____ Information supplied

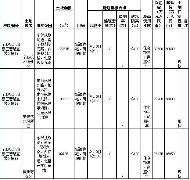 杭州湾地块土地拍卖出让公告
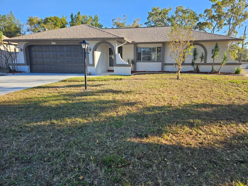 Stunning Three bedroom and Two Bath home sits on more than 1/4 acre corner lot. The home features a new hot water, new air conditioning and is beautifully and freshly painted inside and out. There is new upgraded laminate flooring throughout most of the home. The kitchen and baths have been totally re-imagined. There is also a bonus room under air and a large lanai with a Huge Hot Tub to relax and enjoy. The enormous back yard is fully fenced and there is a storage shed for decorations, tools and toys. The eat-in kitchen has brand new appliances and opens to the large dining room. The most finicky buyer will fall in love with this home! Hurry in!
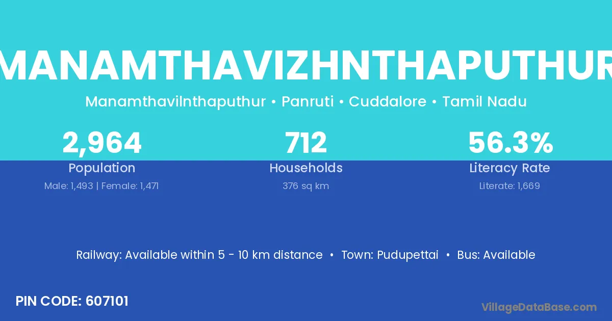 Pudupettai is the nearest town to Manamthavizhnthaputhur village for major economic activities

________

**Task brief:**
Give the listing again exactly, minus its images.

**Answer for the task:**
 杭州湾地块土地拍卖出让公告
 Stunning Three bedroom and Two Bath home sits on more than 1/4 acre corner lot. The home features a new hot water, new air conditioning and is beautifully and freshly painted inside and out. There is new upgraded laminate flooring throughout most of the home. The kitchen and baths have been totally re-imagined. There is also a bonus room under air and a large lanai with a Huge Hot Tub to relax and enjoy. The enormous back yard is fully fenced and there is a storage shed for decorations, tools and toys. The eat-in kitchen has brand new appliances and opens to the large dining room. The most finicky buyer will fall in love with this home! Hurry in!
 Pudupettai is the nearest town to Manamthavizhnthaputhur village for major economic activities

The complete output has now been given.